Looking at the doc on master, there is an example of a non-terminating term: https://coq.github.io/doc/master/refman/addendum/sprop.html?highlight=sprop#non-termination-with-uip . Termination is the key behind consistency (or at least weak normalization). I am not sur to understand the implication of this for the consistency of Coq. In particular, I am surprised that it is not mentioned in the documentation.
is this a question or an observation? It's well known that some axioms are fine when added to Coq in isolation, but lead to inconsistency when combined (in this case, UIP and an impredicative Set/Type). More discussion on what axioms don't go together here: https://coq.discourse.group/t/what-do-you-think-of-axioms/231
I am trying to understand the implications here. Because from what I understand, Definitional UIP
may reduce a match using a local hypothesis. Therefore if we follow the paper : https://arxiv.org/pdf/1911.08174.pdf , it says that normalisation breaks IIUC. So is it related to an extra axiom?
If just having Definitional UIP
breaks normalisation (without other axioms), why is it interesting to activate it since it breaks consistency?
It doesn't break consistency
So you mean having a non-terminating term does not break the consistency?
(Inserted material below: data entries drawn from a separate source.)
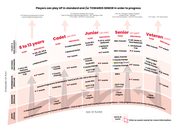 It details each stage of a player’s development from entry level up to the talent & performance space – and how each stage matches up to appropriate competitions, from local leagues to 1* tournaments and onwards to 2*, County Championships, British Clubs Leagues and beyond to pinnacle national and then international events.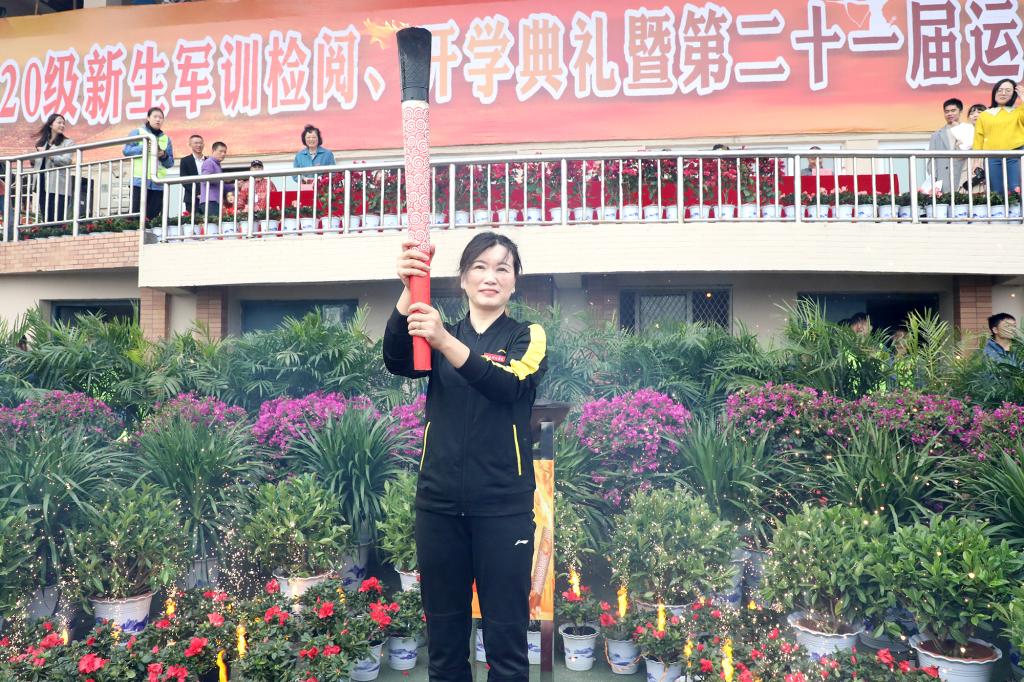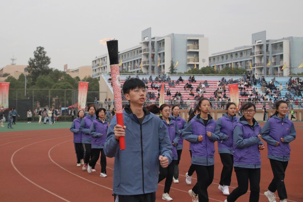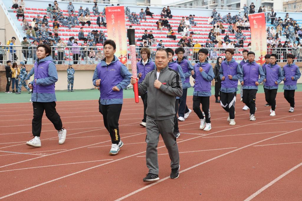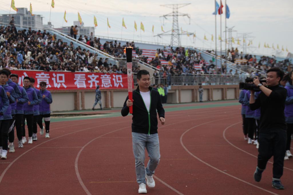 随后,学校第二十届运动会盛大开幕。开幕式以火炬传递接力跑拉开序幕。闵桂林在护跑队的陪跑和同学们的夹道欢呼中,高擎火炬开始本届校运火炬传递接力。火炬依次在校领导、优秀教师代表、优秀学生代表、优秀校友代表沿奥林匹克中心跑道依次接力传递,张海涛接力传递火炬最后一棒,缓缓点燃主席台前的校运会圣火。
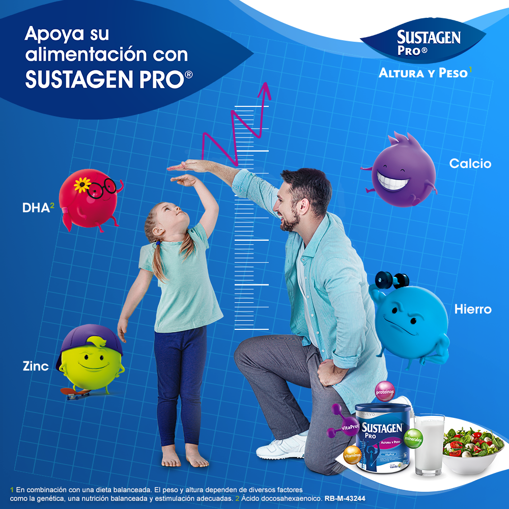 Alimento en polvo con proteínas, vitaminas y minerales que ayudan a apoyar la ganancia saludable de altura y peso de tu hijo*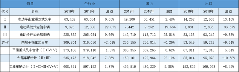 2019年全球叉车销量155万辆中国生产60.8万辆左右,全球第一。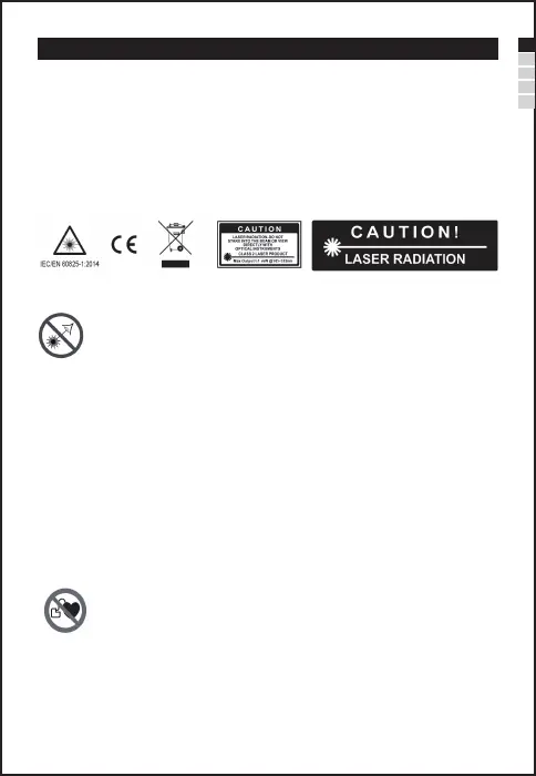 Do not direct laser beam at persons or animals and do not stare into the direct or reflected laser beam

It is indeed clearly stated in the paper but I found it surprsing, thanks.
Consistency is broken by fixpoints, but a merely non-terminating term is not enough to break it.
You lose decidability of type-checking though...
By the way, would we lose something to restrict definitional UIP on equality-like types with indices in small types (i.e. types in Prop
or Set
)? The most interesting uses of SProp
are with equality in data-types such as nat
, no?
Also, I only recently started to explore what we can do with SProp
, but would there be negative consequences of allowing elimination from SProp
to Type
for syntactic singleton types (i.e. not only from False:SProp
but also from True:SProp
, and:SProp->SProp->SProp
)? Associated reduction rules could typically be derived as if eta-expanding on the fly.